But such a possibility came under increased pressure in the 1970s through an argument that reached back into the very early universe: primordial nucleosynthesis. It had been appreciated through the insight of George Gamow and the subsequent detailed calculations of Ralph A. Alpher and Robert C. Herman (1950) that the light chemical elements could be generated by nuclear reactions in the early universe. A side product of these calculations was a prediction of relic thermal radiation with a temperature of order 10 K. Given the subsequent importance of the CMB, it now seems a little strange that this prediction was not more widely known, and that it did not provoke any observational searches for many years. Such calculations became particularly important in the 1970s with the first observational determination of the abundance of Deuterium in the interstellar medium. This element turns out to be rather sensitive to the balance between matter and radiation, and it allows an estimate of the present density of normal baryonic matter. A modern determination suggests the baryon density is about 4.5% the total density in the universe (including dark energy). Thus, if we measure the density of the universe as a whole to exceed this figure, as we do, then the dark matter cannot be in the form of baryons.
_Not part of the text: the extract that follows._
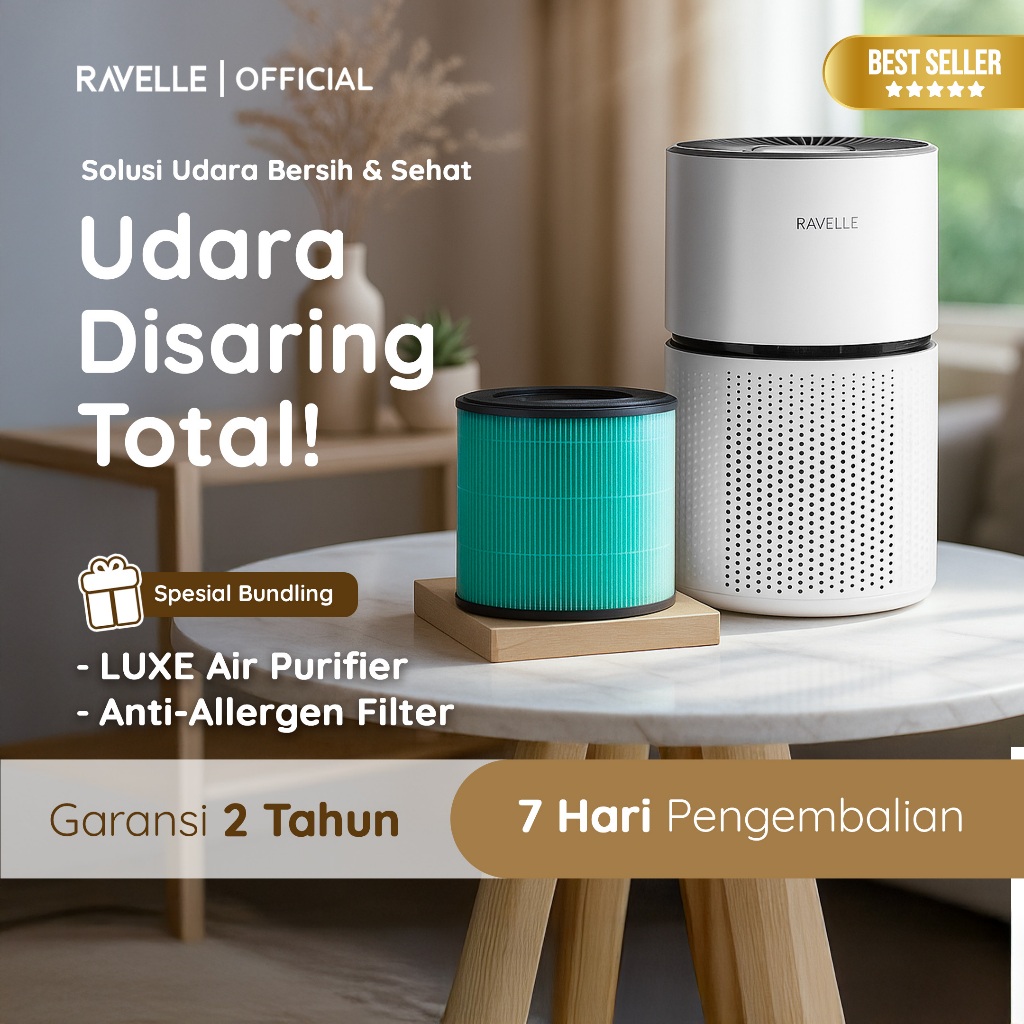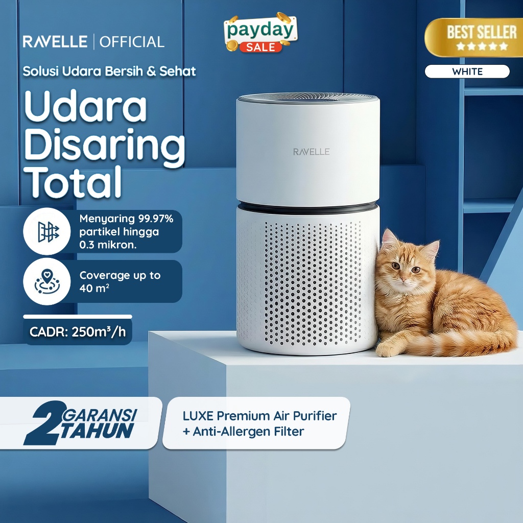 Ravelle Luxe Air Purifier HEPA H13 Anti Allergen Pet Friendly Filter CADR 250m³/h Ruangan 35m² 32W – Penyaring Udara & Anabul Friendly
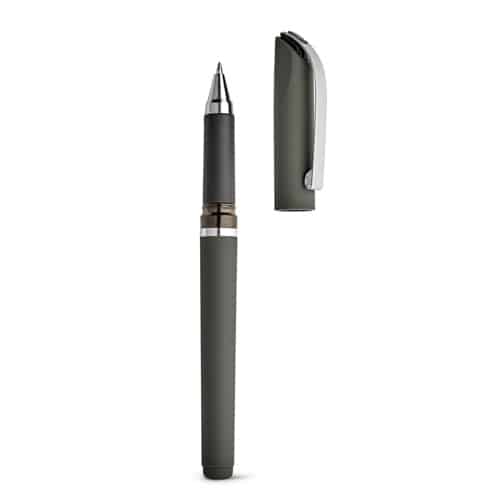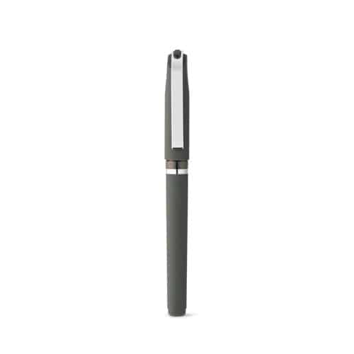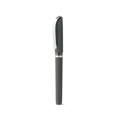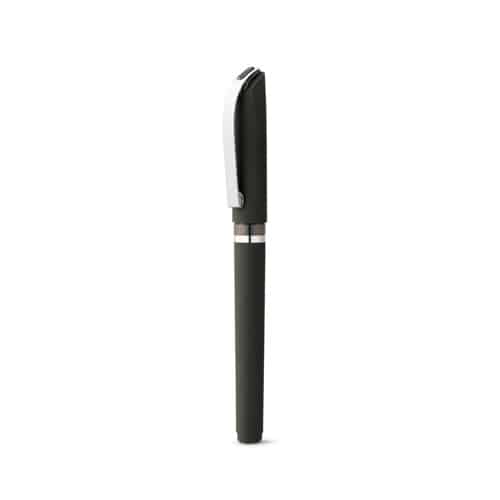 Stylo bille en ABS avec finition en caoutchouc et clip en métal. Roller avec antidérapant et écriture noire. Recharge de gel incluse

In that case, what are the options? We have rather limited constraints: we know the amount of dark matter, and we know it appears to interact only by gravity. So, we are looking for something that consists of compact clumps of matter, and there are two options: black holes or weakly interacting elementary particles. Black holes can only grow by accreting baryonic material. Gas dissipation processes are required to remove angular momentum and allow material to funnel down to the scales of the black-hole horizon. But it seems implausible that such processes could ever be so efficient as to sequester the majority of the baryons—rather, indications from measuring the supermassive black holes in the centers of galaxies are that the efficiency of the incorporation of baryons into black holes is more like 0.1%. For black holes to make up the dark matter, we must therefore speculate there is a population of primordial black holes. It is possible in principle that conditions on small scales in the very early universe were sufficiently violent that formation of black holes could be very efficient. However, we can be fairly sure that the majority of the dark matter is not in black holes of astrophysical sizes. These objects would reveal themselves via gravitational lensing, causing characteristic spikes in the brightness of stars when a primordial black holes passes along the line of sight. As a result, the dark matter can only consist of primordial black holes if they lie in the mass range 1014–1019 kg (the mass of a small asteroid) (see B. J. Carr and A. M. Green (2024)).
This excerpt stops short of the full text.